Pandemics through the eyes of History

Tales of devastating pandemics are as old as time. To give context and relatability to the situation the global community finds itself in at the moment, we take a look at historic pandemics that shook the world to a standstill over the years. The good news is that the world always survives.

The earliest recorded pandemic happened during the Peloponnesian War. After the disease passed through Libya, Ethiopia and Egypt, it crossed the Athenian walls as the Spartans laid siege. Two thirds of the population are believed to have succumbed to this pandemic. Symptoms: fever, thirst, bloody throat and tongue, red skin and lesions. The disease, suspected to have been typhoid fever, weakened the Athenians significantly and was a significant factor in their defeat by the Spartans.

11th Century: Leprosy
Leprosy did not become classified as a pandemic from the onset. The disease grew slowly, but it’s effects were eventually shattering. Though it had been around for ages, leprosy grew into a pandemic in Europe in the Middle Ages, resulting in the building of numerous leprosy-focused hospitals to accommodate the vast number of victims. This was a slow moving bacterial disease that proved fatal unless treated with antibiotics.

1350: The Black Death
This was probably the most brutal and most wide-spread of all the pandemics. It is said to have been carried into Europe through infected persons travelling through the port of Messina entering through Sicily in 1347 A.D. It spread throughout Europe rapidly. Dead bodies became so common that many remained rotting on the ground and created a constant stench in cities.
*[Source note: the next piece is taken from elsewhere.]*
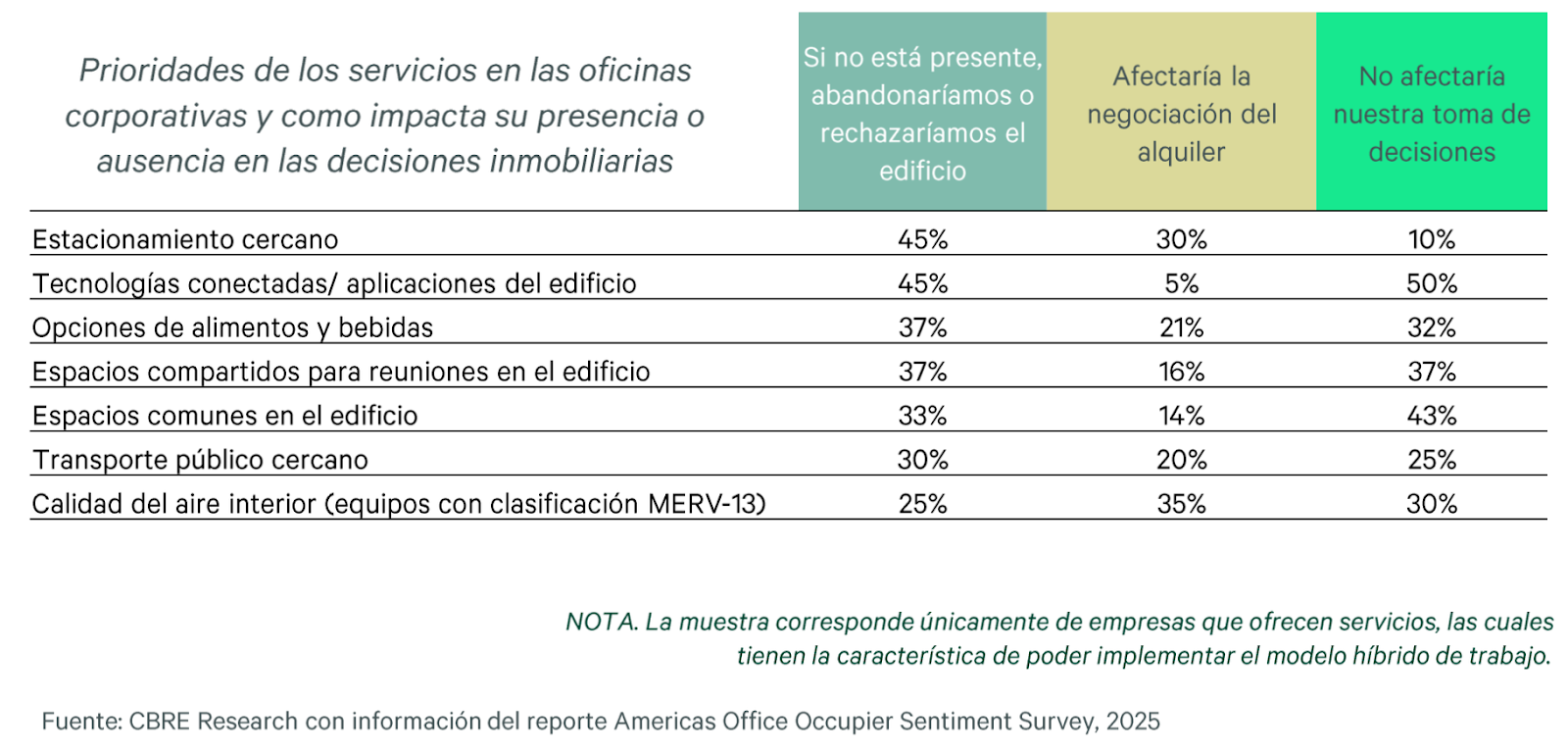 Ciudad de México, a 29 de septiembre de 2025. – CBRE, la empresa líder a nivel mundial en consultoría, comercialización y servicios inmobiliarios, presentó los resultados de su más reciente encuesta de percepción de usuarios de oficinas corporativas en la Ciudad de México correspondiente al primer semestre de 2025, revelando una clara consolidación del modelo híbrido y un renovado interés por ampliar espacios de trabajo entre las empresas.
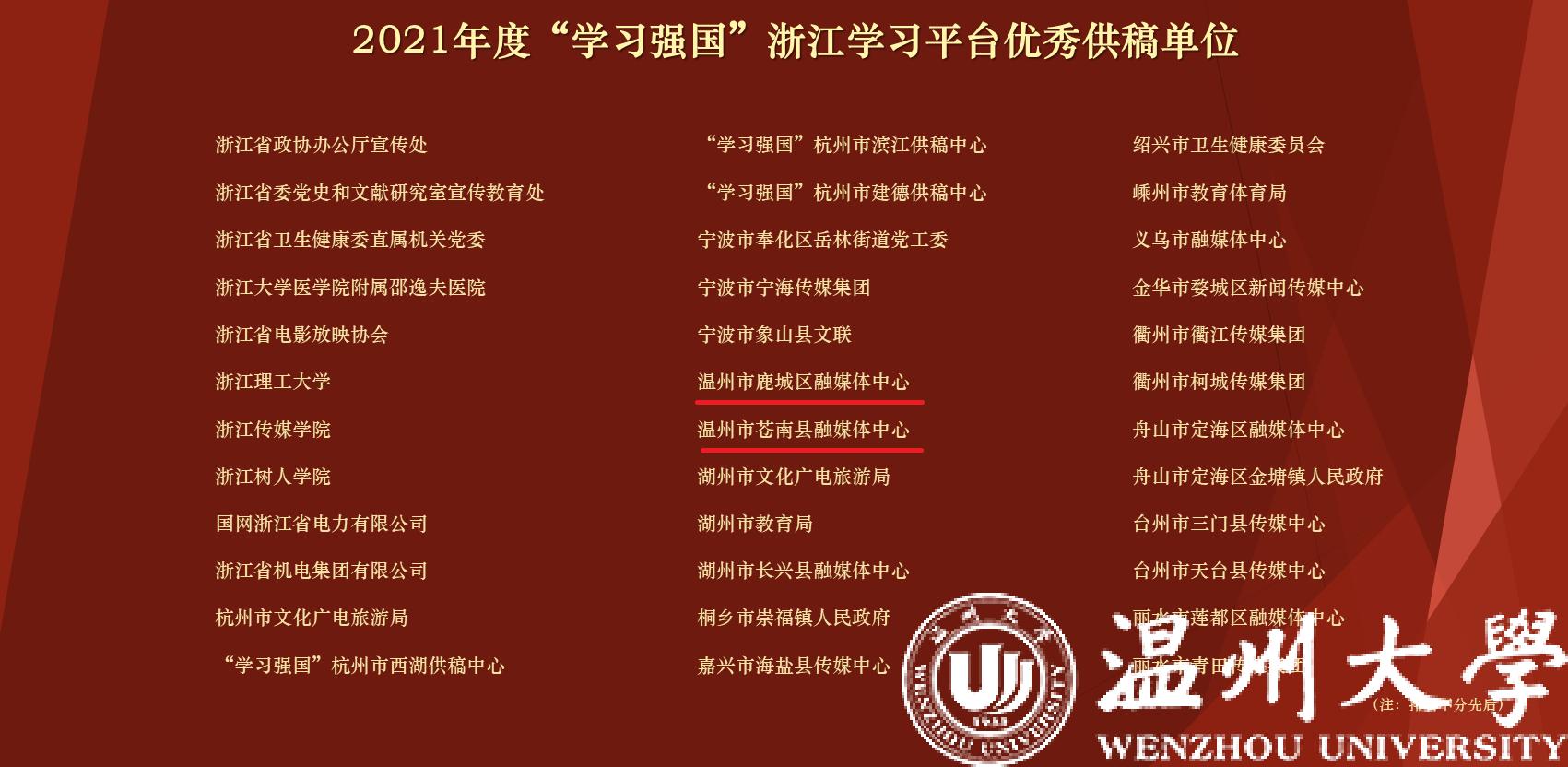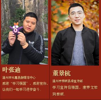 在此前公布的2021年度“学习强国”浙江学习平台优秀供稿单位和优秀供稿员名单中,温州市鹿城区融媒体中心、温州市苍南县融媒体中心获优秀供稿单位;温州市永嘉县融媒体中心叶张迪、温州市泰顺县委宣传部董景杭获优秀供稿员。

1817: First Cholera Pandemic
The first of seven cholera pandemics over the next 150 years, this wave of the small intestine infection originated in Russia, where one million people died. Spreading through faeces-infected water and food, the bacterium was passed along to British soldiers who brought it to India, where millions more died. The reach of the British Empire and its navy spread cholera to Spain, Africa, Indonesia, China, Japan, Italy, Germany and America, where it killed 150,000 people. A vaccine was formulated in 1885, but pandemics continued.

1918 The Spanish Flu
Also known as the Avian Influenza due to the fact that it was caused by contact with an infected bird. This pandemic resulted in over 50 million deaths across the world. The 1918 Spanish flu was first observed in Europe, the United States and parts of Asia before swiftly spreading around the world. At the time, there were no effective drugs or vaccines to treat this killer flu strain. The flu disappeared in the summer of 1919, when most of the infected persons had either developed immunities or died.

1981: HIV/AIDS
HIV was first identified in 1981 as AIDS. Acquired Immune Deficiency Syndrome is a disease that destroys a person’s immune system, resulting in eventual death by diseases that the body would usually fight off. Those infected by the HIV virus encounter fever, headache, and enlarged lymph nodes upon infection. When symptoms subside, carriers become highly infectious through blood and genital fluid, and the disease destroys T-cells.

It is believed to have developed from a chimpanzee virus from West Africa in the 1920s. The disease spreads through certain body fluids. Treatments have been developed to slow the progress of the disease, but 35 million people worldwide have died of AIDS since its discovery, and a cure is yet to be found.

2003: SARS
First identified in 2003 after several months of cases, Severe Acute Respiratory Syndrome is believed to have possibly started with bats, spread to cats and then to humans in China, followed by 26 other countries, infecting 8,096 people, with 774 deaths. SARS is characterised by respiratory problems, dry cough, fever and head and body aches and is spread through respiratory droplets from coughs and sneezes.

2019 COVID-19
On March 11, 2020, the World Health Organization announced that the Covid-19 virus was officially a pandemic after ravaging 114 countries in three months infecting over 118,000 people.

Covid-19 is caused by a novel coronavirus - a new coronavirus strain that has not been previously found in people. Symptoms include respiratory problems, fever and cough, and can lead to pneumonia and death. Like SARS, it is spread through droplets from sneezes.

Without a vaccine available, the virus spread beyond Chinese borders and by mid-March, it had spread globally to more than 163 countries. On February 11, the infection was officially christened Covid-19.